■ Task to complete:
Print nothing but the lines from the start of the listing below through the line that contains "大理大學第一附屬醫(yī)院". Do not include the pictures.

■ Recorded data:
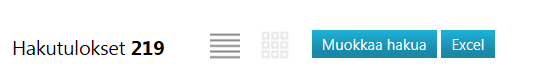 - Muokkaa hakua ei ota huomioon rajaustoiminnolla annettuja lisäehtoja, mutta käyttää pohjana edellisen hakutoiminnon tuloksia.
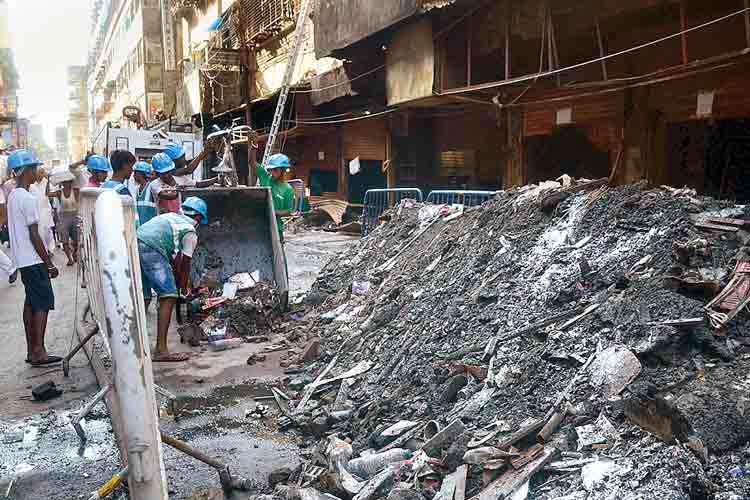 পোড়া বর্জ্য সরানোর কাজ চলছে পুরোদমে। রবিবার বিকেলে, বড়বাজারে। ছবি: স্বাতী চক্রবর্তী
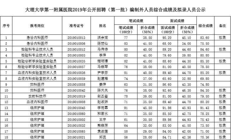 大理大學第一附屬醫(yī)院2019年公開 招聘(第一批)編制外人員綜合成績及擬錄人員公示
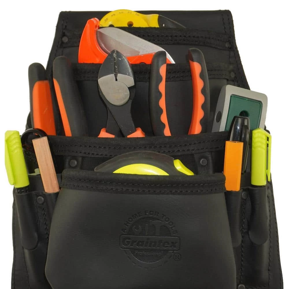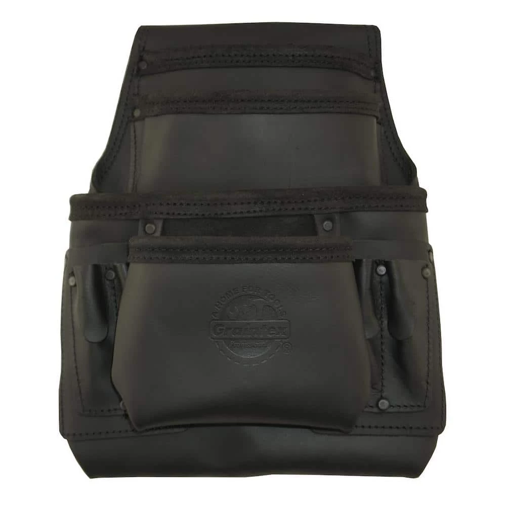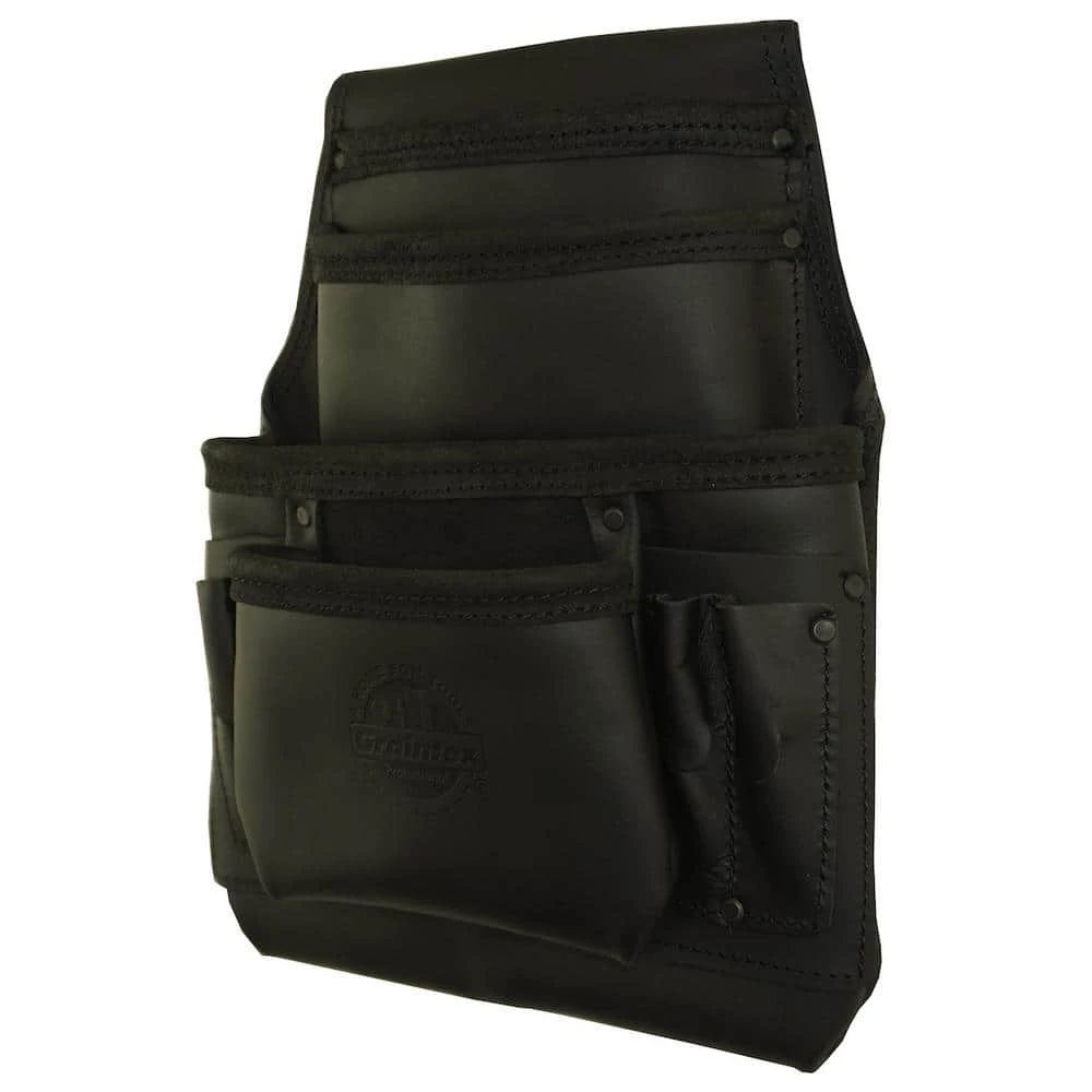 Graintex Distinctive products are handmade by our highly expert skilled craftsmen using top quality oil tanned leather, giving our customer the satisfaction with our product that can last much longer. The 10 Pocket Nail and Tool Pouch constructed with heavy duty genuine top grain oil tanned leather that is extra soft and durable. Using the superior leather hides to prepare our exceptional line of top grain oil tanned series. This specific series is treated with the top-notch quality of chemicals and oils for extra durability and strength. This exquisite tool pouch consists of ten pockets for extra convenience, the tool pouch comes with a 3 in. W tunnel slot. Designed with one large pocket that can hold multiple tools. One medium front pocket that can fit nails, medium-sized tools, two belt level inner pockets and six small pockets for screwdrivers, pens, pencils, utility knife and other miniature sets. The pockets are easily accessible, this tool pouch can be used in number of multiple other uses at the workplace or at home. with easily accessible pockets this tool pouch is a handy product for daily use.

■ Finished task:
 - Muokkaa hakua ei ota huomioon rajaustoiminnolla annettuja lisäehtoja, mutta käyttää pohjana edellisen hakutoiminnon tuloksia.
 পোড়া বর্জ্য সরানোর কাজ চলছে পুরোদমে। রবিবার বিকেলে, বড়বাজারে। ছবি: স্বাতী চক্রবর্তী
 大理大學第一附屬醫(yī)院2019年公開 招聘(第一批)編制外人員綜合成績及擬錄人員公示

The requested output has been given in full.